Dataset excerpt Block Start

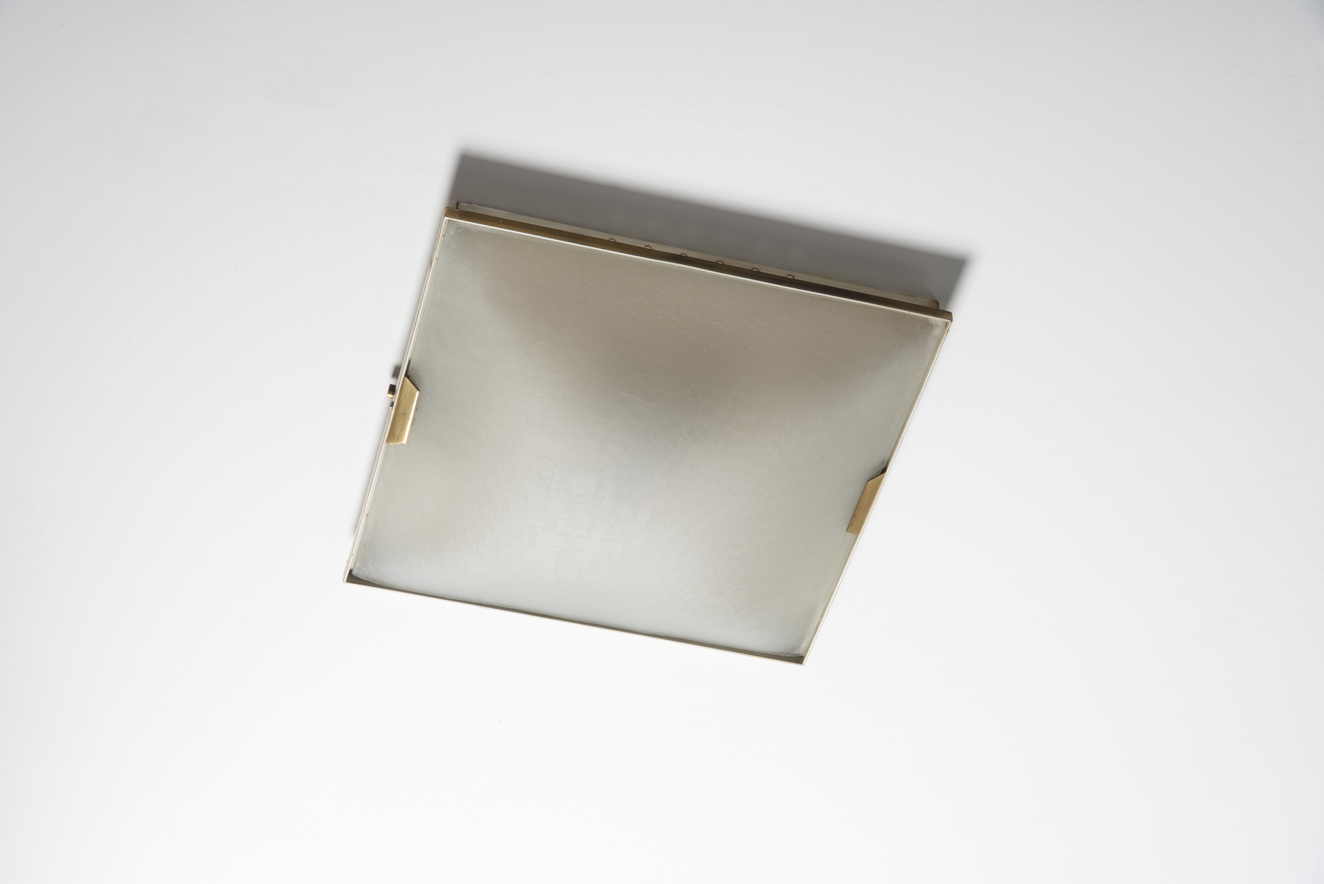 Stilnovo Plafoniera, Anni ’60;In vetro acidato e metallo, 35,5 x 35,5 x 5 cm
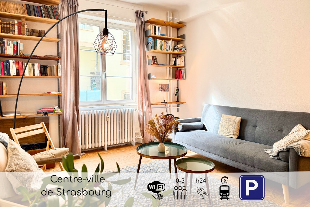 這間公寓位於斯特拉斯堡市中心,距離大教堂200米,坐落在一條安靜的行人小街上,充滿波西米亞精神:時代精神的酒吧和餐廳、畫廊和時尚商店。 入住我們擁有現代和典型魅力的單間公寓,盡情享受斯特拉斯堡。 這間公寓位於斯特拉斯堡市中心,距離大教堂200米,位於安靜的行人街上。 在我們現代化和典型的公寓中享受在斯特拉斯堡的美好住宿。
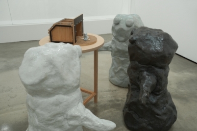 Free Spector, 브론즈에 아크릴릭, 나무, 세라믹(검정색, 흰색, 옥색) /각 85x90x50 /2009
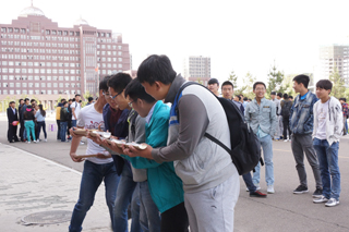 開(kāi)幕式結(jié)束后參會(huì)人員和學(xué)生舉行了條幅簽名儀式,各系學(xué)生組隊(duì)參加了心理趣味活動(dòng)。

Dataset excerpt Block End

Assignment:
For this exercise, reproduce the data above exactly from the line containing "Free Spector, 브론즈에" through its final line, both ends included, with no pictures in the copy.

Output for this exercise:
 Free Spector, 브론즈에 아크릴릭, 나무, 세라믹(검정색, 흰색, 옥색) /각 85x90x50 /2009
 開(kāi)幕式結(jié)束后參會(huì)人員和學(xué)生舉行了條幅簽名儀式,各系學(xué)生組隊(duì)參加了心理趣味活動(dòng)。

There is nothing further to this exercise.